The International Monetary Fund (IMF) has indicated that global trade expanded by merely 0.5% in the first quarter of 2019, marking the slowest year-on-year pace of growth since 2012.
This certainly comes as disturbing news as there are also signals that a more significant slowdown is possible.
With the IMF lowering its forecast for global growth this year and the next, the world community should take a more serious note of the issue and address prevailing concerns caused by factors such as additional US-China tariffs, technology tensions and a disorderly Brexit.
These could compound problems by further slowing growth, weakening investment and disrupting supply chains.
IMF Chief Economist Gita Gopinath has indicated that she does not see signs of a recession, but does see significant downside risks for global growth going forward, including escalating trade wars.

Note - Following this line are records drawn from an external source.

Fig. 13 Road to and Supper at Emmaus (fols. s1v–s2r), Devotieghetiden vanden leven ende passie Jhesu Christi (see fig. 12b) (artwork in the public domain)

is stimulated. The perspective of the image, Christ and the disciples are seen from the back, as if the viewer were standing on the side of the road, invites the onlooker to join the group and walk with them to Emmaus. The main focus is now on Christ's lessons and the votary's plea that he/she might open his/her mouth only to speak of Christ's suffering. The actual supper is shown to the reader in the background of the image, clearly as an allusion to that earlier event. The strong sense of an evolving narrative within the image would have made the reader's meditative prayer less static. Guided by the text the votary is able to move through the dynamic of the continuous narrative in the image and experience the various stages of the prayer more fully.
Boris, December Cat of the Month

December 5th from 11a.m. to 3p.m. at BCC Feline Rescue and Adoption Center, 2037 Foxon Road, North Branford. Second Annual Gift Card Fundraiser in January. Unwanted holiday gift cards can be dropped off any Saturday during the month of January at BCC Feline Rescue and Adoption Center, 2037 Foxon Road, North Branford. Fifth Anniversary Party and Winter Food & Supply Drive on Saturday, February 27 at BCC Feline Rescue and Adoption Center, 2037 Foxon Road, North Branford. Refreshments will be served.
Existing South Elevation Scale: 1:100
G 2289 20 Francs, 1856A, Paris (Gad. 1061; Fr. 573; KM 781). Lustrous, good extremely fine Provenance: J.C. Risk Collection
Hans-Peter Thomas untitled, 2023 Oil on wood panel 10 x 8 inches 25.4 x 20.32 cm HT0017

The negative consequences of policy uncertainty are visible in the diverging trends between the manufacturing and services sector, and the significant weakness in global trade.

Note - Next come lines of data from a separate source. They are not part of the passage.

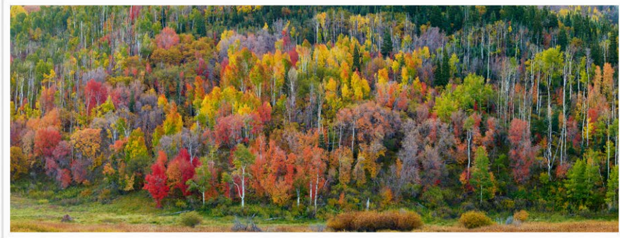
Single 8 ply matte

We offer only one type of matting for our Fine Art Photographs: Crescent museum board, in a combination of 8 ply, double 8 ply and/or 4 ply. This cotton museum board was designed specifically for the Metropolitan Museum of Art in the late 1920s, and now is used in almost all museums and libraries worldwide. All of our museum boards are 100-percent cotton. This ensures an entirely acid-free and PH balanced environment for your Fine Art Photograph, allowing for year after year of carefree enjoyment. The museum board is sized to your image perfectly and features a traditional beveled cut. You can choose between two classics: black or white. Both look fantastic.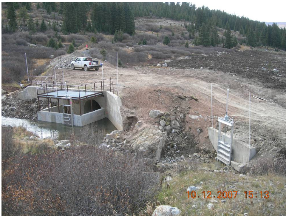
Figure 4. Finished pipe and channel inlet structures.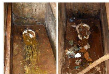
Before and after the CCS team’s intervention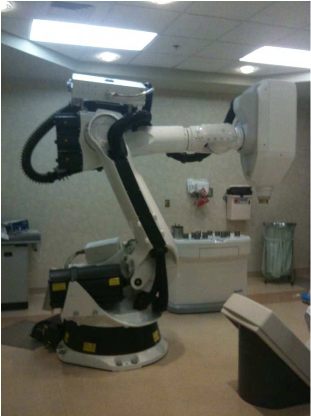
Fig. 3. CyberKnife Unit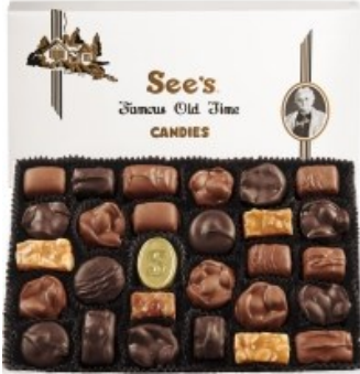
Nuts and Chews (1 Lb) $26.25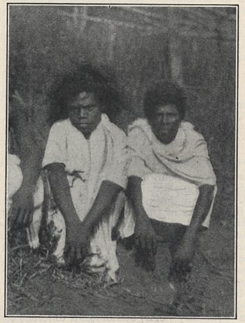
FIG. 1.-Two Kadar men from the Cochin Hills.

people are not unlike the other jungle tribes of southern India, having a head of hair varying from wavy to curly, but in the extreme interior of the hills I was fortunate enough to find five men and one woman with undoubtedly spirally curved hair, one of whom was pure woolly with short spirals, and the rest were of the frizzy type, similar to that seen among the Melanesians. Besides their spirally curved hair, the Kadars are short (average stature, 1516 mm.), of very dark complexion (the skin colour varying from 29 to 33 in von Luschan's scale), prognathic, and have not infrequently receding foreheads. I was informed by Mr. K. Govinda Menon, Conservator of Forests of the Cochin State, and one who has known the Kadars very intimately for the last quarter of a century, that in the early years of his service he noticed at least a dozen men and women with woolly and frizzy hair, but who must have died out since.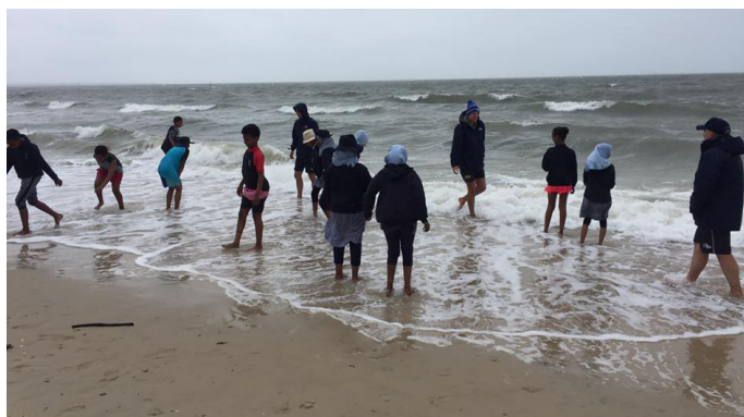
Carlton Primary School at the beach with RCC.

Rotary then — to answer the question ‘What is Rotary?’ — is when the simple and small things collide with the best of intentions to serve humanity and to be a Rotarian is simply is to have a desire to do something good to help others and a make a difference.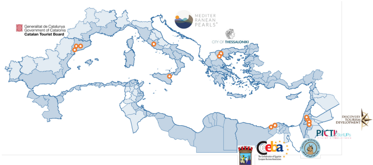
Figure 1 – Pilot areas where the Slow Tourism Products are being developed

These products all over the Mediterranean which share similar characteristics are currently being developed following the Slow Tourism spirit and offering equivalent experiences in the different countries, although fully adapted to each local context. Thus, the Mediterranean region will become a unique platform to enjoy Slow Tourism experiences for international visitors looking for genuine tourism experiences at a reduced pace.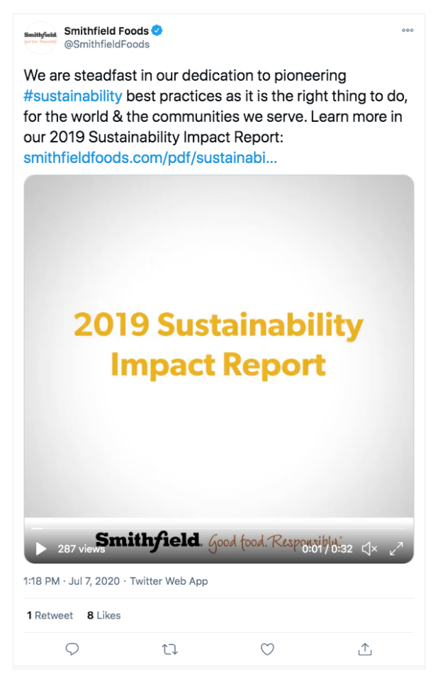
Figure 3. A Smithfield Foods Twitter post about its "pioneering #sustainability best practices."<sup>41</sup>

Smithfield's interactive "sustainability" website features illustrations designed to appeal to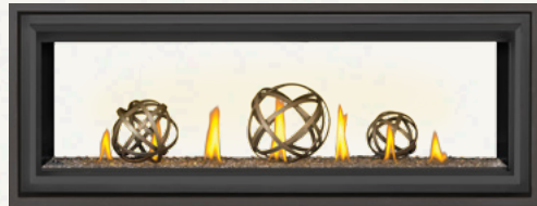
Vector™ 50 - Black Premium Safety Barrier and 1" Black Finishing Trim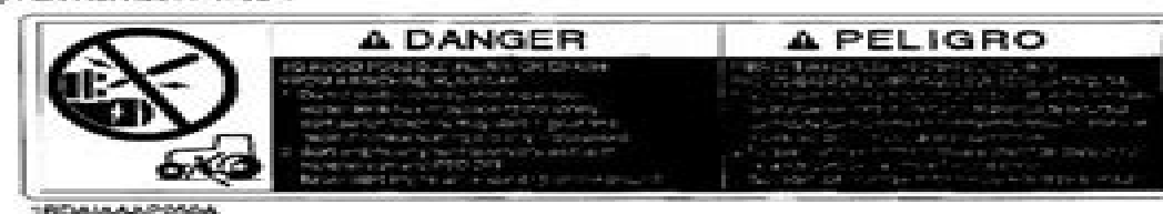
(3) Part No. EC3611-4748-1

Manufacturing purchasing manager indices continue to decline alongside worsening business sentiment as businesses hold off on investment in the face of high uncertainty.
Euro zone business growth was weaker than expected in July, hampered by a deepening contraction in manufacturing.
A recession in Germany’s manufacturing sector worsened in July while French business growth also slowed unexpectedly in the month.
Amid the worrisome trend, the positive development is that the US and Chinese negotiators are expected to restart trade negotiations in Shanghai on July 30, aimed at improving the trade relationship between the world’s two largest economies,
US Treasury Secretary Steven Mnuchin and US Trade Representative Robert Lighthizer will lead the American team, while Chinese Vice Premier Liu He will lead negotiations for China, as per a White House statement.
The discussions are likely to cover a range of issues, including intellectual property, forced technology transfer, non-tariff barriers, agriculture, services, the trade deficit, and enforcement.
Protectionist and unilateral approaches on trade are not the best way forward and only tend to fuel fear among investors.
In a highly connected world, moving further away from an open, fair and rules-based trade system cannot be termed sensible.
Economic issues can have a direct impact on lives of people across the globe and could even lead to social and health problems in the form of joblessness and depression.
It is hence necessary that the international community take remedial measures swiftly before things get out of hand.
The global economy clearly remains at a delicate juncture and it would be pertinent to adopt policies to support growth, as suggested by IMF officials.
Monetary policy should remain accommodative especially where inflation is softening below target. But it needs to be accompanied by sound trade policies that would lift the outlook and reduce downside risks. With persistently low interest rates, macroprudential tools should be deployed to ensure that financial risks do not build up.
Fiscal policy should balance growth, equity, and sustainability concerns, including protecting society’s most vulnerable.
The need for greater global cooperation is urgent. In addition to resolving trade and technology tensions, countries should work together to address issues such as climate change, international taxation, corruption, cybersecurity and the challenges of emerging digital payment technologies.
Primarily, tariffs should not be used to target bilateral trade balances or as a general-purpose tool to tackle international disagreements.
Instead, the rules-based multilateral trading system should be strengthened to encompass areas such as digital services, subsidies and technology transfer.